Why we're decent to these vermin at all amazes me, until I remember that I also am decent to them. I think the reason is that originally we set out to be good sportsmen and are ashamed of being forced into hatred. All the way down the line the German wounded received precisely the same treatment as our own men—and treatment that was just as prompt. At the Casualty Clearing Station, German officers sat at table with us and no difference was made. On the Red Cross train they were given beds in our carriage and our English sisters waited on them. I thought of how the German nurses treat our chaps, spitting into the food and the cups before they hand them to them. Every now and then you would see a wounded Canadian hop up the carriage and offer them cigarettes. They sat stiffly and insolently, with absurd yellow gloves on, looking as though every kindness shown was a national tribute to their superiority. There were so many of us that at night two had to lie on beds made for one. The Germans refused; they wanted a bed apiece. When they were told they would have to sit up if they would not share, they said they would sit up. Then the sister came along to investigate the disturbance. They eyed her with their obstinate pig-eyes, as though daring her to touch them. She told them that if they wanted to sit up all night they would have to do it in the corridor, as they prevented the bed above them from being pulled down. At the end of fifteen minutes they decided to share a bed as all of us had been doing, but they muttered and grumbled all night. There were a good many of us who wished for a Mills bomb and an open field in which to teach them manners. It seems to me that the German is incorrigible. He was born a boor and he can never respond to courtesy. Kindness and mercy are lost upon him; he accepts them as his right and becomes domineering. If any peacemaker thinks that Christian forbearance and magnanimity will make for a new brotherhood when peace terms are formulated, he is vastly mistaken. The German is a bully, and the only leadership that he acknowledges and the only righteousness to which he bows, is the leadership and the armed force of a bully stronger than himself. Sentimental leniency on the part of the Allies will only make him swell out his chest afresh.
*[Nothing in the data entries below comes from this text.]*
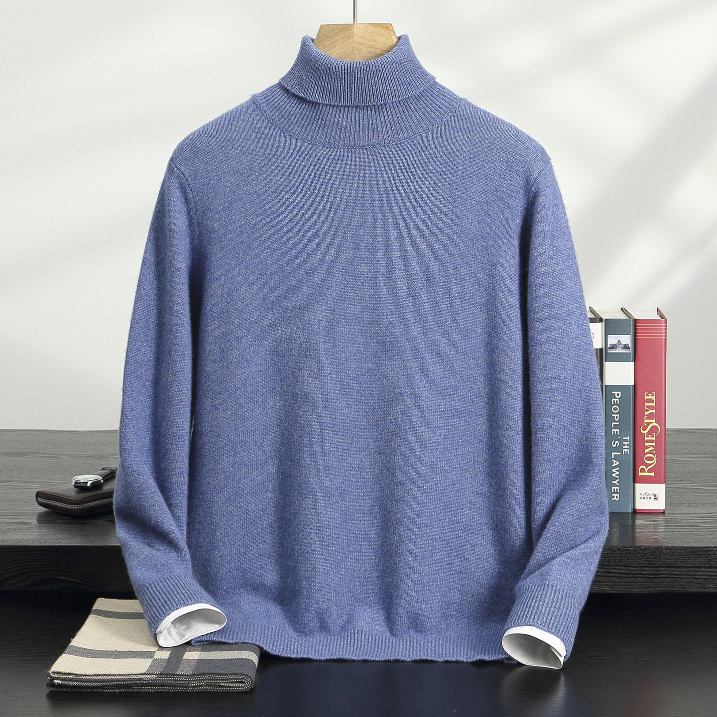 秋冬新款高翻领加厚纯色山羊绒衫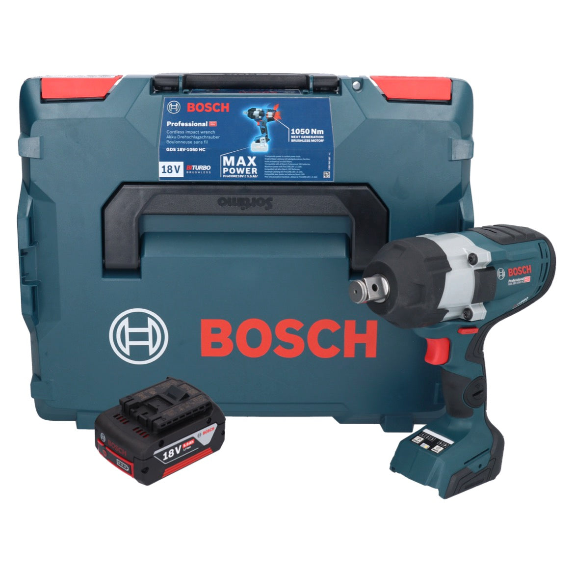Bosch GDS 18V-1050 HC Akku Drehschlagschrauber 18 V 1050 Nm BITURBO Brushless + 1x Akku 5,0 Ah + L-Boxx - ohne Ladegerät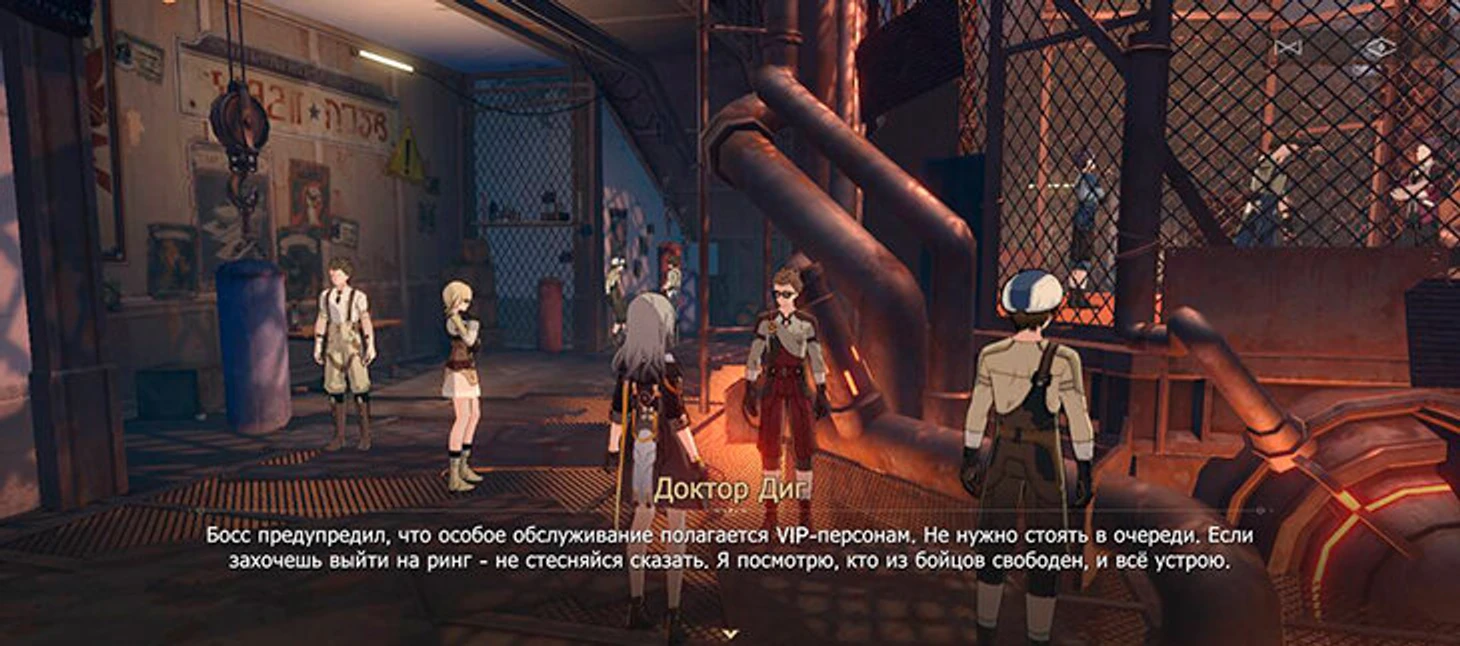 Побеседуйте с Дигом в бойцовском клубе о полученном вип-статусе и согласитесь принять участие в поединке.

You may have seen the account of a booby-trap which the Huns left behind—a crucified kitten. They banked on the humanity of our chaps to release the little beast; but the moment the first nail was drawn it exploded a mine which killed our Tommies. In contrast to this is an incident which occurred the night before our attack on the Hindenburg Line. A hare, frightened by shell-fire, came panting through our gun-position. Some of the fellows gave chase, till at last one fell on it and caught it. It started to cry like a baby in a heartrending sort of way. We hadn't had very much meat, and the intention in catching it had been to put it in the pot; but there was no one who could face up to killing it—so it was petted and set free again in the wheat. Queer tender-heartedness on the part of men who next morning were going to kill their kind! Their concern when the little beast began to sob was conscience-stricken and ludicrous.